Backend to read and write parquet datasets

  • base_path (str) Base path for the parquet files. Only files in this folder or subfolders can be read from or written to.
  • partitions (iterable of str, optional) (For writing only) Columns to use for partitioning. If given, the write functions split the data into a parquet dataset. Subfolders with the following naming schema are created when writing: column_name=value.
    Per default data is written as a single file.
    Cannot be combined with rows_per_file.
  • rows_per_file (int, optional) (For writing only) If a positive integer value is given this specifies the desired number of rows per file. The data is then written to multiple files.
    Per default data is written as a single file.
    Cannot be combined with partitions.
  • TypeError If any of the input arguments has a diffent type as documented
  • ValueError If any of the input arguments are outside of the documented value ranges or if conflicting arguments are given.
  • read_to_dict(source, columns, row_filter, limit, sample, drop_duplicates) (dict(str: )) Read a parquet dataset from disk into a dictionary of columns</>
  • read_to_pandas(source, columns, row_filter, limit, sample, drop_duplicates) (DataFrame) Read a parquet dataset from disk into a pandas DataFrame</>
  • write_append(target, dataframe) Write data in append-mode</>
  • write_replace(target, dataframe) Write data with full replacement of an existing dataset</>

read_to_pandas(source, columns=None, row_filter=None, limit=-1, sample=-1, drop_duplicates=False)
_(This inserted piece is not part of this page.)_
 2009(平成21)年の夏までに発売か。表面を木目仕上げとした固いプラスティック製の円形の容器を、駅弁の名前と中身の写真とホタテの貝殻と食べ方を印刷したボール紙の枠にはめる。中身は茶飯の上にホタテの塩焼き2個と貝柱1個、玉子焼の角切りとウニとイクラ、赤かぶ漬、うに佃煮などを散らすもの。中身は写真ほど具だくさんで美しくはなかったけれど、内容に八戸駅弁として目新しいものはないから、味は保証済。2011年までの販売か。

Read a parquet dataset from disk into a pandas DataFrame

  • source (str) The path of the file or folder with a parquet dataset to read
  • columns (list of str, optional) List of column names to limit the reading to
  • row_filter (str, optional) Filter expression for selecting rows
  • limit (int, optional) Maximum number of rows to return (limit to first n rows)
  • sample (int, optional) Size of a random sample to return
  • drop_duplicates (bool, optional) Whether to drop duplicate rows from the final selection
Returns (DataFrame)

A pandas DataFrame with the requested data.
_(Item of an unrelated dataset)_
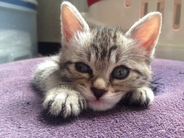 次はメスのサバトラの猫ちゃん。くりっとした目が眠そうに閉じかけているのがたまらない一枚です。この猫ちゃんが入っているのはなんとクッションの穴。お気に入りの場所でリラックスしているときの表情をおさめたベストショットです。

  • ValueError If path specified with source is outside of the base path

The logic of the filtering arguments is as documented for AbstractDataFrameReader.read_to_pandas().
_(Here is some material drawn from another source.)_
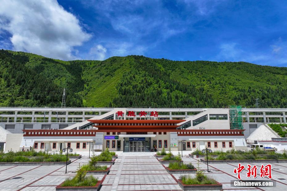 圖為7月7日拍攝的川青鐵路黃龍九寨站站房外景。(無人機照片)中新社記者 劉忠俊 攝
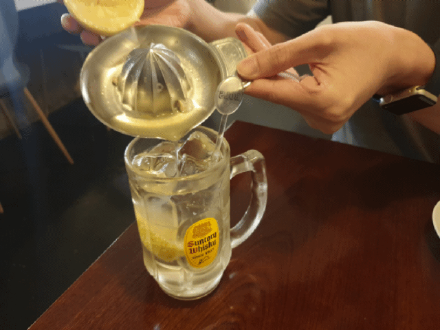 오랜만에 왔으니 텐동만 시키기 아쉬워 알쓰이지만 하이원을 시켜 마시며 기다렸다. 레몬을 너무 뿌려서 거의 레몬즙 먹는 기분이었다...

read_to_dict(source, columns=None, row_filter=None, limit=-1, sample=-1, drop_duplicates=False)

Read a parquet dataset from disk into a dictionary of columns

  • source (str) The path of the file or folder with a parquet dataset to read
  • columns (list of str, optional) List of column names to limit the reading to
  • row_filter (str, optional) Filter expression for selecting rows
  • limit (int, optional) Maximum number of rows to return (limit to first n rows)
  • sample (int, optional) Size of a random sample to return
  • drop_duplicates (bool, optional) (Not supported!) Whether to drop duplicate rows
Returns (dict(str: ))

A dictionary with column names as key and a list with column values as values

  • NotImplementedError When drop_duplicates is specified

The logic of the filtering arguments is as documented for AbstractDataFrameReader.read_to_pandas().


write_replace(target, dataframe)

Write data with full replacement of an existing dataset

  • target (str) The path of the file or folder to write to. The path may be absolute or relative to the base_path given in the __init__() function.
  • dataframe (Union(dataframe, dict(str: ))) The data to write as pandas.DataFrame or as a Python dictionary in the format column_name: [column_data]
  • TypeError When the dataframe is neither an pandas.DataFrame nor a dictionary
  • ValueError If the dataframe does not contain the columns to partition by as specified in the __init__() function.

write_append(target, dataframe)

Write data in append-mode